On a laissé dire depuis les hautes sphères de Bush qu’en Amérique latine règne la corruption. Et qu’est ce que c’est, peut-être l’emploi de la force brute de Bush sinon la corruption de l’âme et de l’esprit ? Un vulgaire bourreau.

Quand on lira les écrits de Simon Rodriguez, cet instituteur de Bolivar, ou ceux de notre Mariano Moreno qui étaient les espoirs d’une Amérique libre et solidaire, on peut seulement exploser d’un éclat de rire sarcastique ou tomber dans la mélancolie en écoutant les discours de ce président yanqui, mesquin et trivial. Nous le savons, à Mer de Plomb il y aura des cynismes, flatteries, promesses, on changera tout pour ne rien modifier. Parce que si non, le capital américain aurait déjà changé pour un autre, ce shérif autoritaire et vide de toute éthique. Nous devons commencer par respirer à pleins les poumons. C’est pourquoi le chemin à suivre est la pensée bolivarienne des Etats-Unis latino-américains, du Mercosur au Marché Commun sans limites en Amérique latine.

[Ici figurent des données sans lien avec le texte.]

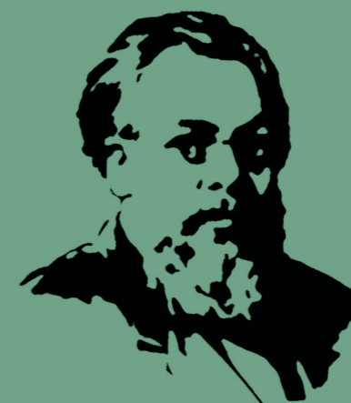
С. П. Боткин

A Mer du Plomb, avec cet impérialisme venu du Texas nous n’allons obtenir rien d’honorable ni d’honnête. Disons la vérité au visage à Bush et à ses hommes de la sinistre CIA. Faisons le pour nos enfants qui ont faim, pour nos jeunes sans travail, pour nos vieux humiliés. Le Che Guevara nous regarde.

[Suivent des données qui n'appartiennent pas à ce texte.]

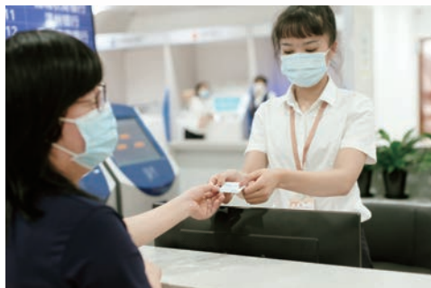
▲ 为市民制作第三代社会保障卡，全流程只需5分钟

Traduction de l’espagnol pour El Correo de : Estelle et Carlos Debiasi

Pàgina 12. Buenos Aires, 5 novembre 2005

*Osvaldo Jorge Bayer est un historien, écrivain et journaliste argentin qui se définit comme un « anarchiste et pacifiste à outrance ». Docteur Honoris Causa de plusieurs universités, il possède la double culture allemande et argentine, qu’il met au service de combats sociaux justes que l’Histoire Officielle s’obstine à gommer.